Situation Coverage Testing for a Simulated Autonomous Car -- an Initial Case Study

TL;DR

This paper evaluates situation coverage testing for a simulated autonomous car, comparing it to random testing, and finds it offers minimal benefits for simple software but may be more useful for complex systems.

Contribution

It implements and empirically assesses situation coverage testing for autonomous vehicles, providing initial evidence of its effectiveness compared to random testing.

Findings

Situation coverage has a slight edge over random testing.

Both methods perform similarly in fault detection.

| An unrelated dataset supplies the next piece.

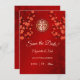 Red cherry blossoms and a gold double happiness symbol on a shimmering red floral background. Save the date text in an elegant font. Matching Chinese wedding products available.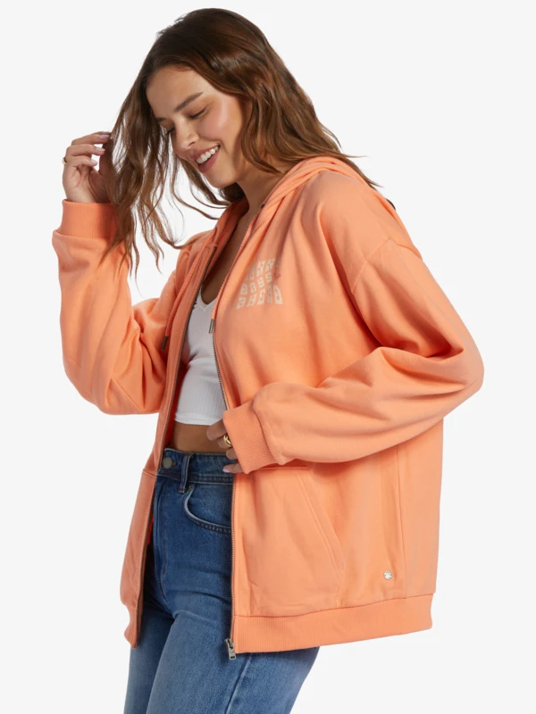 Combining an oversized fit and comfy fabric, this zip-up hooded sweatshirt has an extra soft feel plus a kangaroo pouch pocket and ROXY graphics on the chest.

Effectiveness may increase with more complex software.

Abstract

It is hard to test autonomous robot (AR) software because of the range and diversity of external situations (terrain, obstacles, humans, peer robots) that AR must deal with. Common measures of testing adequacy may not address this diversity. Explicit situation coverage has been proposed as a solution, but there has been little empirical study of its effectiveness. In this paper, we describe an implementation of situation coverage for testing a simple simulated autonomous road vehicle, and evaluate its ability to find seeded faults compared to a random test generation approach. In our experiments, the performance of the two methods is similar, with situation coverage having a very slight advantage. We conclude that situation coverage probably does not have a significant benefit over random generation for the type of simple, research-grade AR software used here. It will likely be valuable when applied to more complex and mature software.